Coffee culture

Characteristics, Flavor Profile, and Brewing Methods of Fazenda Bom Jardim Coffee Beans from Minas Gerais, Brazil

Published: 2026-01-27 Author: FrontStreet Coffee
Last Updated: 2026/01/27, Professional coffee knowledge exchange and more coffee bean information, please follow Coffee Workshop (WeChat public account: cafe_style). Brazilian coffee beans from BOM JARDIM Fazenda, grown on the Brazilian plateau at an altitude of 1300m. Farm owner Vicente Faria, in order to improve the flavor of his coffee beans, specially selected different varieties of plants to serve as windbreaks for the fazenda, these plants regulate
BOM JARDIM Brazilian coffee beans from Fazenda Bom Jardim estate

Introduction to Bom Jardim Estate Brazilian Coffee Beans

These Brazilian coffee beans come from BOM JARDIM Fazenda Bom Jardim, grown at an altitude of 1300m on the Brazilian plateau.

Farm owner Vicente Faria has specifically selected different plant species to create windbreaks around the estate, helping to regulate the farm's sunlight exposure, humidity, and soil conditions, ultimately enhancing the flavor profile of the coffee beans.

The resulting Brazilian coffee beans exhibit full sweetness and a rich mouthfeel, with prominent notes of caramel and honey, complemented by subtle Earl Grey tea aromatics.

FrontStreet Coffee Brewing Recommendations

How to Brew Brazilian Coffee [Minas Bom Jardim]

FrontStreet Coffee Hand Brew Reference: Measure 15g of [Minas Bom Jardim] coffee powder and grind it to a medium consistency using a grinder. The ground particles should be slightly coarser than table salt. We recommend using BG grinder setting 6A (50% standard sieve pass rate), water temperature of 88°C, and extraction with a Kono/Kalita filter cup. The recommended coffee-to-water ratio is approximately 1:14.

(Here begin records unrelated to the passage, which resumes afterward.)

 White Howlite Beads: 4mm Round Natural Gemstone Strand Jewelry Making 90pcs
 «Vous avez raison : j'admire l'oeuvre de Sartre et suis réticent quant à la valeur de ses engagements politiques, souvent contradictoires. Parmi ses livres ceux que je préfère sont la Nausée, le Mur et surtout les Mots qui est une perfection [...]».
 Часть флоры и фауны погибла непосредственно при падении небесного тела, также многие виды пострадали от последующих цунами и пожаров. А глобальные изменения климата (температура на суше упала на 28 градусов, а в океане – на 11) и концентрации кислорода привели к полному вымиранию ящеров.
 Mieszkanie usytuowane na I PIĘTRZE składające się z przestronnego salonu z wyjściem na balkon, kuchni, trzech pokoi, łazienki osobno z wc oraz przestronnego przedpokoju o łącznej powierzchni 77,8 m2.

Pour the hot water from the pour-over kettle in circular motions, starting from the center of the filter cup. Begin timing as you start brewing. Within 15 seconds, brew the coffee to 30g, then stop pouring. When the timer reaches 1 minute, begin the second pour. Similar to the first pour, continue moving in clockwise circles from the center, being careful not to pour water directly where the coffee grounds meet the filter paper to avoid channeling effects.

Leave one circle of space when reaching the outermost layer of coffee grounds, then continue pouring in circles toward the center. At 2 minutes and 10 seconds, the coffee should reach 210g, completing the brewing process.

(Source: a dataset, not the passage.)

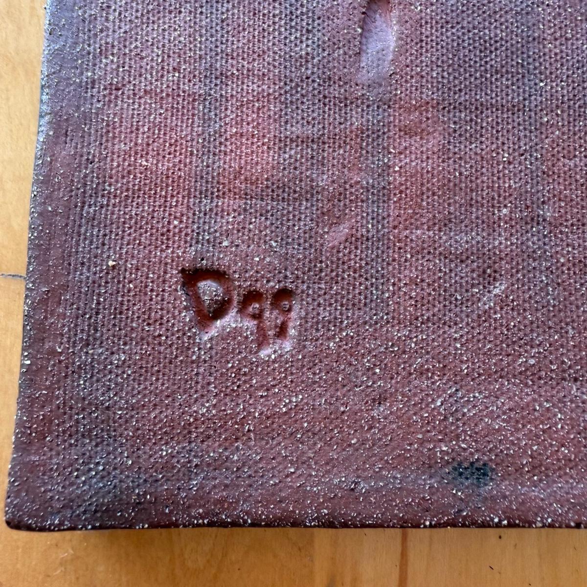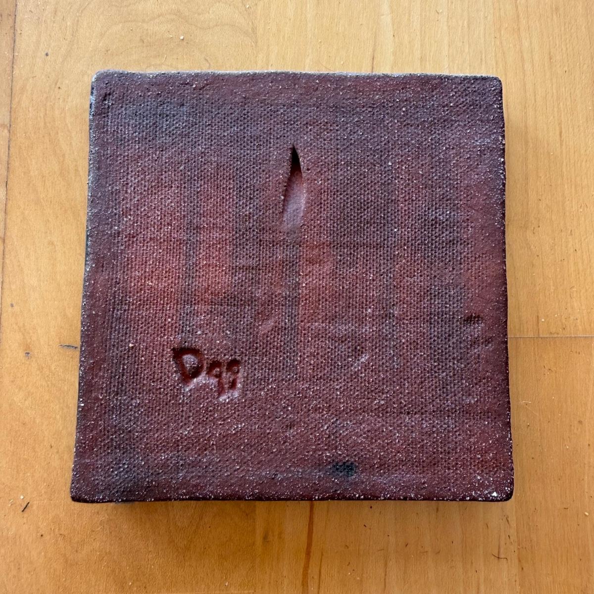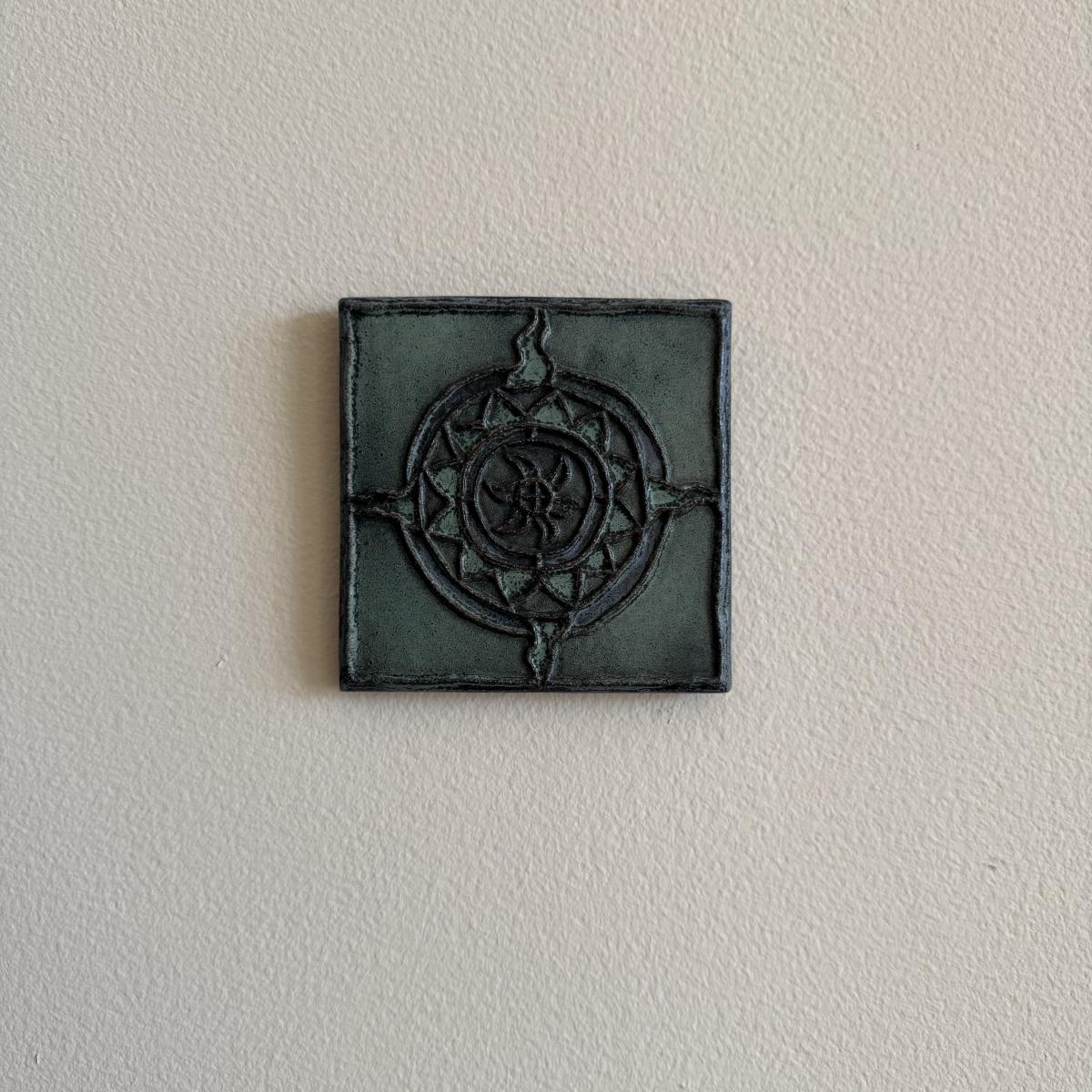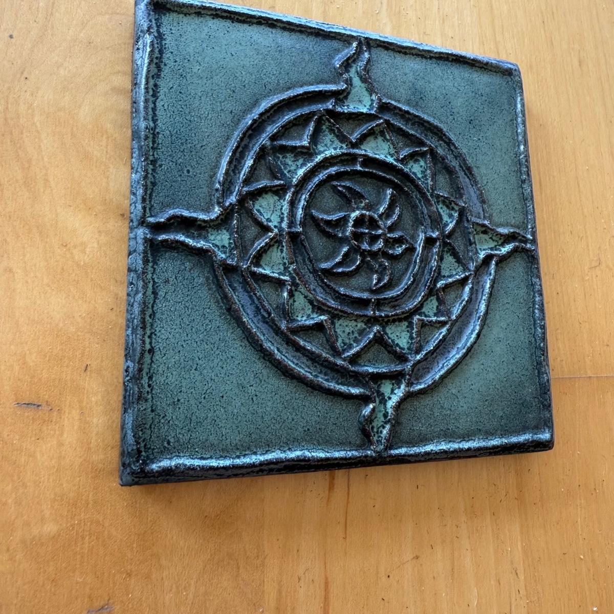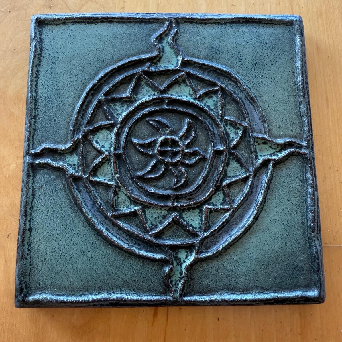 This lot contains a handmade piece of ceramic tile art. The piece measures 4” x 4” and features a vibrant sun on a teal background. There is an indent on the back to be hung and it is signed ‘D 99’. Shipping available.

Japanese Ice Brew [Minas Bom Jardim]

FrontStreet Coffee Ice Brew [Minas Bom Jardim] Reference:

Brazilian coffee [Minas Bom Jardim], medium-dark roast, BG grinder setting 5R (60% standard sieve pass rate).

20g coffee grounds, 150g ice cubes, 150g hot water. The water temperature should be 1°C higher than the normal hand brew recommendation of 88°C. For normal brewing, use Fuji grinder setting 3.5, but for ice brew, grind slightly finer at Fuji setting 3. The recommended coffee-to-(water+ice) ratio is 1:15.

Bloom with 40g water for 30 seconds.

Use segmented pouring: first segment with 60g water, second segment with 40g water. Employ a fine but high water column to stir and agitate thoroughly, ensuring the coffee grounds roll completely. However, be careful not to let the water level rise too high or pour directly onto the edge filter paper.

The total extraction time should be approximately 2.5 minutes (similar to the normal extraction time for 20g of coffee grounds).